EU-Kommission, Pressemitteilung vom 26.09.2013

 
Die Europäische Kommission hat beschlossen, beim Gerichtshof der Europäischen Union Klage gegen Belgien einzureichen wegen diskriminierender Bedingungen für Bewerber, die im lokalen öffentlichen Dienst der Deutschsprachigen Gemeinschaft oder der Französischen Gemeinschaft sowie der Region Brüssel-Hauptstadt arbeiten möchten und die ihre Ausbildung nicht in Niederländisch, Französisch oder Deutsch absolviert haben.

 

Insbesondere werden die Sprachkenntnisse von Bewerbern nur anerkannt, wenn sie eine von der staatlichen Personalauswahlstelle Belgiens (SELOR) ausgestellte Bescheinigung vorlegen können.

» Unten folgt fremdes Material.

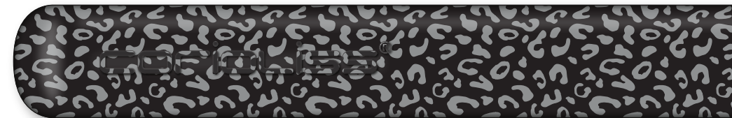
SILVER LEOPARD - SUK 1024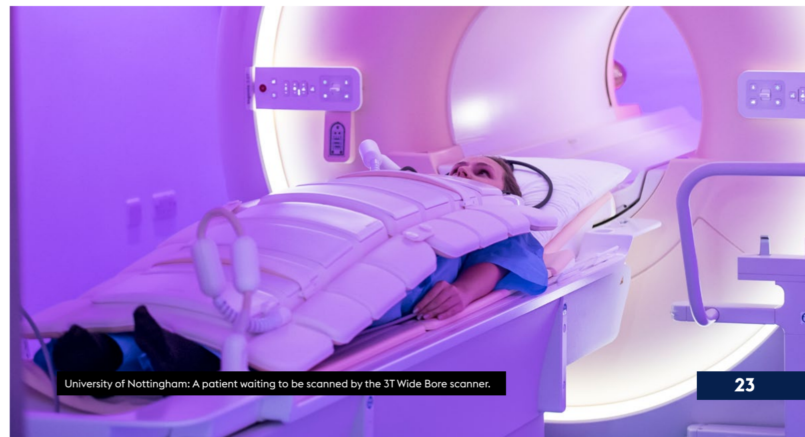
University of Nottingham: A patient waiting to be scanned by the 3T Wide Bore scanner.

MedTech in the Midlands supports over 23,000 jobs, in 1,000 companies, creating £1.6bn GVA annually

Andere Bescheinigungen sind als Nachweis für Sprachkenntnisse nicht zulässig.

 

Die Europäische Kommission erachtet das betreffende Gesetz (Gesetz über die Verwendung der Sprachen in der Verwaltung – „loi sur l’emploi des langues en matière administrative“) als diskriminierend und unverhältnismäßig sowie als Verletzung der EU-Rechtsvorschriften über die Freizügigkeit der Arbeitnehmer, die in Artikel 45 des Vertrags über die Arbeitsweise der Europäischen Union und in der Verordnung 1612/68 über die Freizügigkeit der Arbeitnehmer (nunmehr durch die Verordnung 492/2011 kodifiziert) festgelegt sind.

 

Nach einer Beschwerde eines niederländischen Staatsangehörigen forderte die Kommission Belgien auf, diese diskriminierenden Bedingungen zu beseitigen und seine Rechtsvorschriften mit dem EU-Recht in Einklang zu bringen (mit Gründen versehene Stellungnahme vom 19. Mai 2011 – siehe IP/11/602).

 

Der Rechtsprechung des Gerichtshofes zufolge (Urteil vom 6. Juni 2000, Rechtssache C-281/98) können Arbeitgeber Sprachkenntnisse eines bestimmten Niveaus und ein Diplom zur Bescheinigung dieser Kenntnisse verlangen. Wenn es allerdings nicht möglich ist, den Nachweis dieser Kenntnisse auf andere Weise, insbesondere durch in anderen Mitgliedstaaten erlangte gleichwertige Qualifikationen, zu erbringen, dann ist dies unverhältnismäßig und stellt eine Diskriminierung aufgrund der Staatsangehörigkeit dar.

 

Im Anschluss an die mit Gründen versehene Stellungnahme ergriff die Regierung der Flämischen Gemeinschaft die erforderlichen Maßnahmen, um die Übereinstimmung mit dem EU-Recht sicherzustellen und akzeptiert nun auch andere als die von der SELOR ausgestellten Bescheinigungen. Die Französische Gemeinschaft hat einige Maßnahmen ergriffen, allerdings ist der Prozess noch nicht abgeschlossen. Die föderale Regierung, die auch für die Deutschsprachige Gemeinschaft, Brüssel und einige Gemeinden mit Sonderstatus zuständig ist, hat formal keinerlei Maßnahmen verabschiedet, um die Übereinstimmung mit dem EU-Recht zu gewährleisten.

 

Weitere Informationen finden Sie auf der Homepage der EU-Kommission.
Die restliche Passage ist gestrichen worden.